EDIFACT parsing is actually not that complicated. Just divide by sytax characters: first in '
to get segments, than in +
to get data elements of these segments and :
to get individual components. Of course, you need to take care of the evacuated separator characters. The characters used here are only by default, they can be changed at the beginning of the message by an additional UNA segment. In fact, the Wikipedia article on EDIFACT provides a pretty good (but brief) introduction to this. And the format is documented with detailed information on the UN UNECE website (yes, it's a lot and hard to read).
The hard part is to get the information from this and into your application (and check its accuracy, leave it alone, creating good error messages). If you really plan to write a parser compiler from nothing for everything in any language, then: No, there is no easy way to do this. There are also no other flexible data representations. This is a difficult task and will always be.
But here is the idea: if you have so much in XML (or any other "modern technology" as you call it ...). It would be a relatively simple task to write some program that converts EDIFACT messages into some single XML-EDIFACT-Format (which is pretty awful and will most likely go crazy). You can convert each EDIFACT segment into a single XML tag, possibly like this:
ERC+A7V:1:AMD' IFT+3+NO MORE FLIGHTS'
In XML:
<segment qualifier="ERC"> <element> <component>A7V</component> <component>1</component> <component>AMD<component> </element> </segment> <segment qualifier="IFT"> <element> <component>3</component> </element> <element> <component>NO MORE FLIGHTS</component> </element> </segment>
You can then deploy the power of your XML tools and libraries for validation / evaluation.
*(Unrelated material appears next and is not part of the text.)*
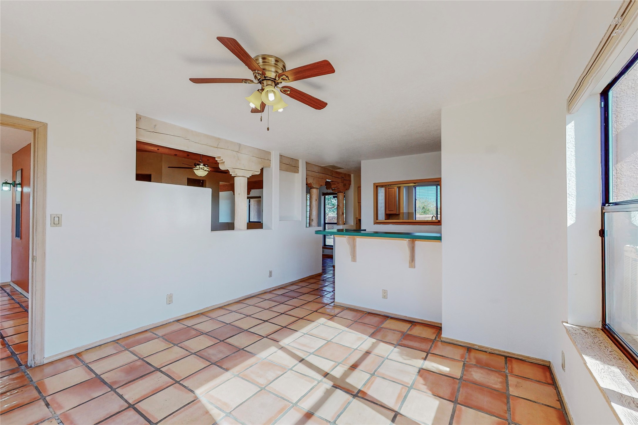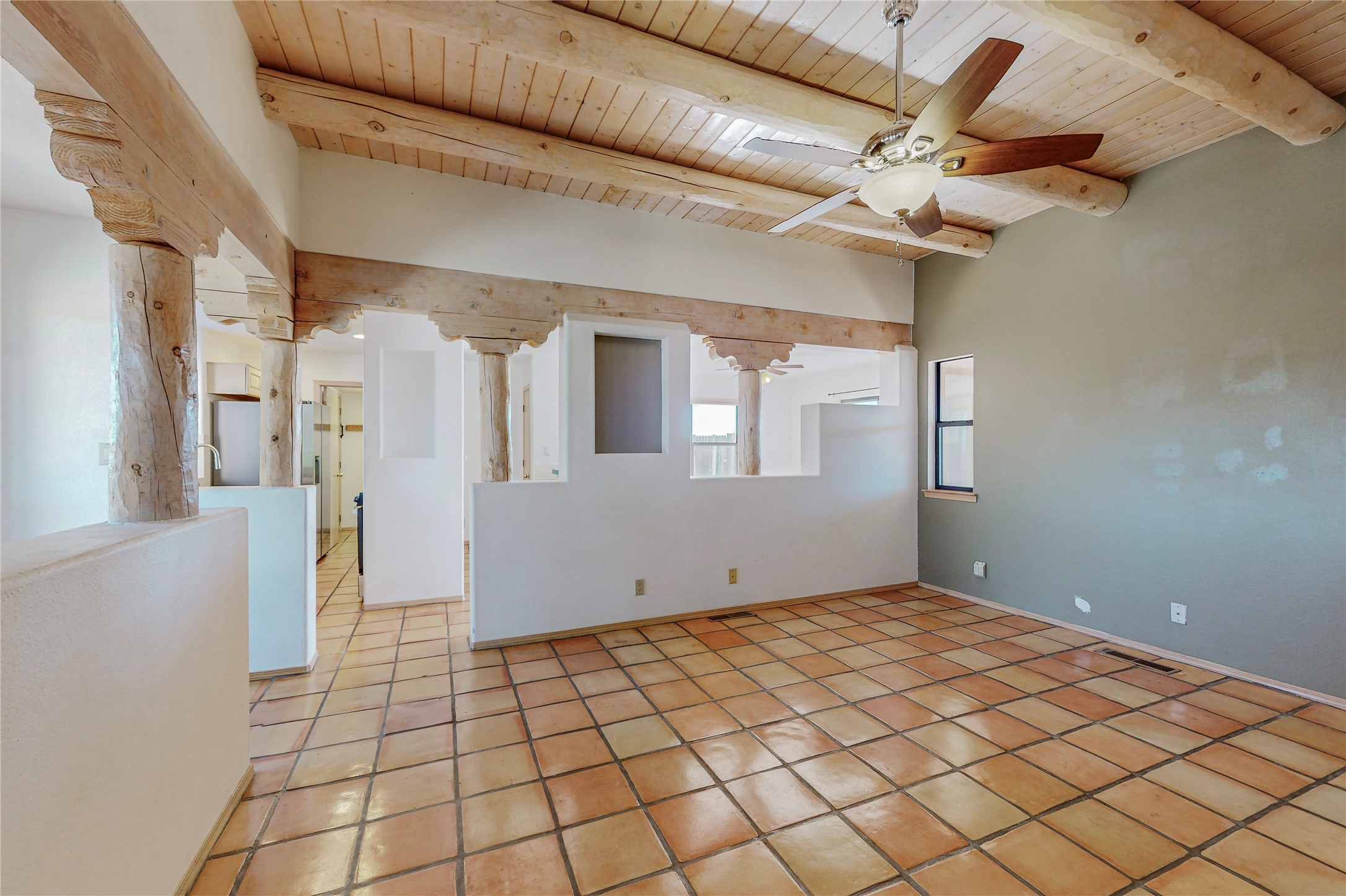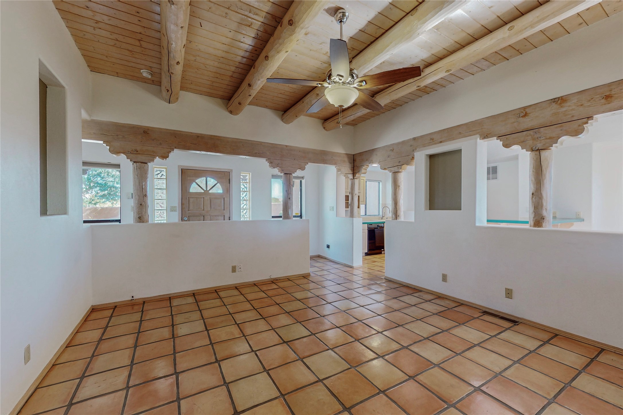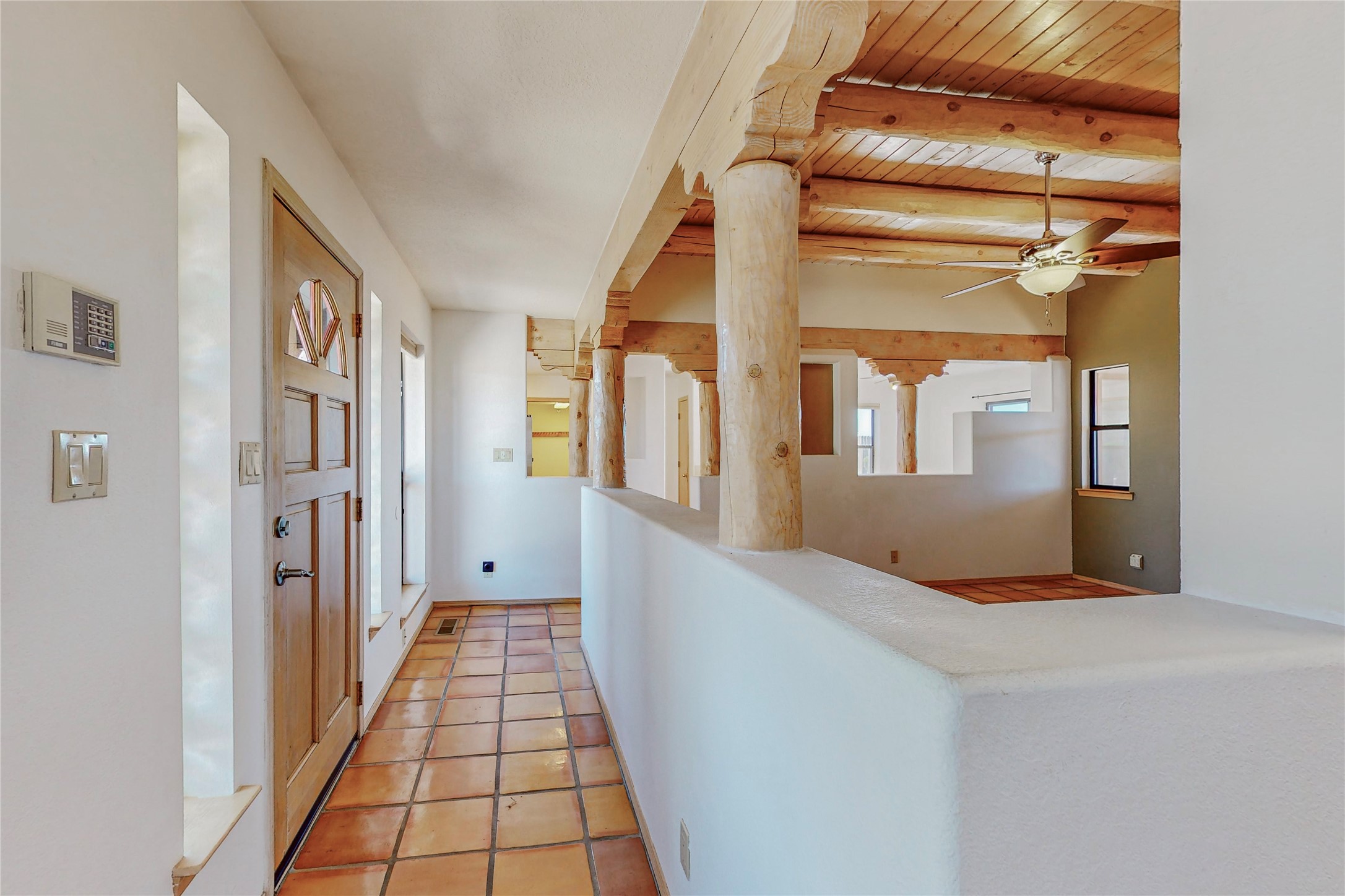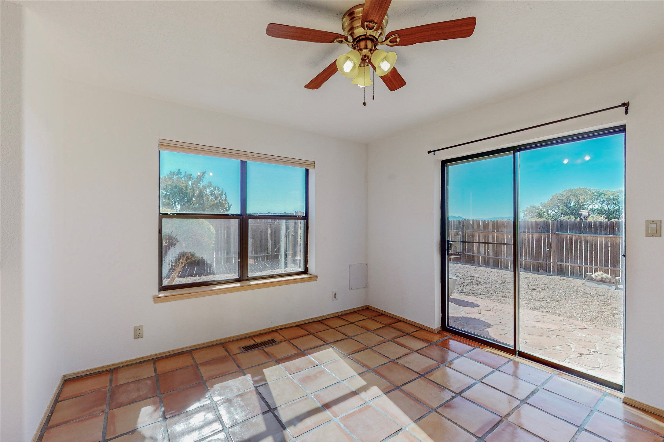COME TO OUR OPEN HOUSE TODAY,SUNDAY NOVEMBER 12TH BETWEEN 1-4 P.M.Embrace the Santa Fe lifestyle in this beautiful two-bedroom, two-bathroom home designed in the classic pueblo style, situated on a 1.59-acre lot. At the heart of this home, a wood-burning fireplace has played a central role in countless family game nights and festive Christmases. The interior has a New Mexican ambiance, with features such as Saltillo tile, viga ceilings, and tasteful turquoise accents. Additionally, the family room is graced with elegant wooden pillars that pay homage to the rich traditions of Southwestern design. The kitchen has newer stove and refrigerator, offering ample pantry space and a window overlooking a charming enclosed front yard. From the kitchen next area is the house dining area, and through a sliding glass door, you'll find another enclosed yard space. The house has a sunroom with full glass windows that welcome natural light into every corner of this home. Nestled within the community of Eldorado, you'll have access to the exclusive amenities offered by this neighborhood including swimming pool, basketball & tennis courts, community center, dog park, and more. Eldorado has well-maintained paved walking trails that provide a picturesque environment for residents. Be sure to explore the El Dorado Farmer's market, where you can discover fresh, locally sourced produce. This property is just minutes away from restaurants, shopping center, pet store, Library and bank in the Algora Shopping center. Join the vibrant community of Eldorado, which was recognized as the #1 Best Place to Live in Santa Fe County by Niche in 2022.

You can also do this more specifically, for example:
<segment_ERC> <element> <component>A7V</component> <component>1</component> <component>AMD<component> </element> </segment_ERC> <segment_IFT> <element> <component>3</component> </element> <element> <component>NO MORE FLIGHTS</component> </element> </segment_IFT>
This will simplify verification via XSD. In this conversation you can get, of course, what you need, but sooner or later you will get to the point where you will need to put information about the structure of your currently parsed message in the converter (since you donβt know which segments are nested to other segments grouping them, not just UNG
, UNH
and such, but also some segment groups that you donβt see directly).
However, you will need to create special evaluation programs / schemes / whatevers for the messages you receive in accordance with the EDIFACT directories, which you should receive as documentation.